The problem: The data that follows is to be copied exactly, with each image removed.

** Opening Collected data block **

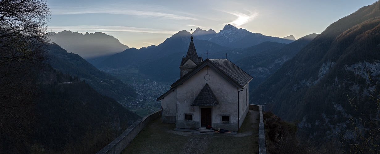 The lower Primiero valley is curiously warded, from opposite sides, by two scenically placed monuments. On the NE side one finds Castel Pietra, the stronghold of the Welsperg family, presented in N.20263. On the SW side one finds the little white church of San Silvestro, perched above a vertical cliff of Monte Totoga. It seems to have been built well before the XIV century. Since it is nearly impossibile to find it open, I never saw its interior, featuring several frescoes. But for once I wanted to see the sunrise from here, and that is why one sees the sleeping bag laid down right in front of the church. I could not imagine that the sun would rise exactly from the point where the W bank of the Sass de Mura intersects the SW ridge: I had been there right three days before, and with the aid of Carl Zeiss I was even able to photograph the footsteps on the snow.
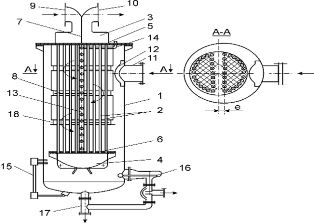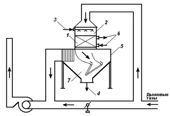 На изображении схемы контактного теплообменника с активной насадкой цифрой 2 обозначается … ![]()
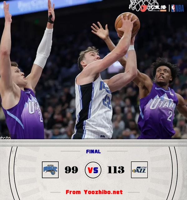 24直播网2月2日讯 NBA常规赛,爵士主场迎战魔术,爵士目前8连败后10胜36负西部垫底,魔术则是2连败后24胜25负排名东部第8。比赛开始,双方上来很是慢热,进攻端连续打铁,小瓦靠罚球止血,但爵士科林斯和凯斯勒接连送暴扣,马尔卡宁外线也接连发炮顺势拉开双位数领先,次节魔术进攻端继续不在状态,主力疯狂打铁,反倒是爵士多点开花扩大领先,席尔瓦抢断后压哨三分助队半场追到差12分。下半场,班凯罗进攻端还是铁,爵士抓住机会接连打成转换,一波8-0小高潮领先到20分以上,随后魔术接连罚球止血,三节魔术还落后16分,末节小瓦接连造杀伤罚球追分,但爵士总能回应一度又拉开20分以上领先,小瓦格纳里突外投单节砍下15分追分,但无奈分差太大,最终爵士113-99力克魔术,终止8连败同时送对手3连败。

** Closing Collected data block **

Finished exercise:
 The lower Primiero valley is curiously warded, from opposite sides, by two scenically placed monuments. On the NE side one finds Castel Pietra, the stronghold of the Welsperg family, presented in N.20263. On the SW side one finds the little white church of San Silvestro, perched above a vertical cliff of Monte Totoga. It seems to have been built well before the XIV century. Since it is nearly impossibile to find it open, I never saw its interior, featuring several frescoes. But for once I wanted to see the sunrise from here, and that is why one sees the sleeping bag laid down right in front of the church. I could not imagine that the sun would rise exactly from the point where the W bank of the Sass de Mura intersects the SW ridge: I had been there right three days before, and with the aid of Carl Zeiss I was even able to photograph the footsteps on the snow.
 На изображении схемы контактного теплообменника с активной насадкой цифрой 2 обозначается … ![]()
 24直播网2月2日讯 NBA常规赛,爵士主场迎战魔术,爵士目前8连败后10胜36负西部垫底,魔术则是2连败后24胜25负排名东部第8。比赛开始,双方上来很是慢热,进攻端连续打铁,小瓦靠罚球止血,但爵士科林斯和凯斯勒接连送暴扣,马尔卡宁外线也接连发炮顺势拉开双位数领先,次节魔术进攻端继续不在状态,主力疯狂打铁,反倒是爵士多点开花扩大领先,席尔瓦抢断后压哨三分助队半场追到差12分。下半场,班凯罗进攻端还是铁,爵士抓住机会接连打成转换,一波8-0小高潮领先到20分以上,随后魔术接连罚球止血,三节魔术还落后16分,末节小瓦接连造杀伤罚球追分,但爵士总能回应一度又拉开20分以上领先,小瓦格纳里突外投单节砍下15分追分,但无奈分差太大,最终爵士113-99力克魔术,终止8连败同时送对手3连败。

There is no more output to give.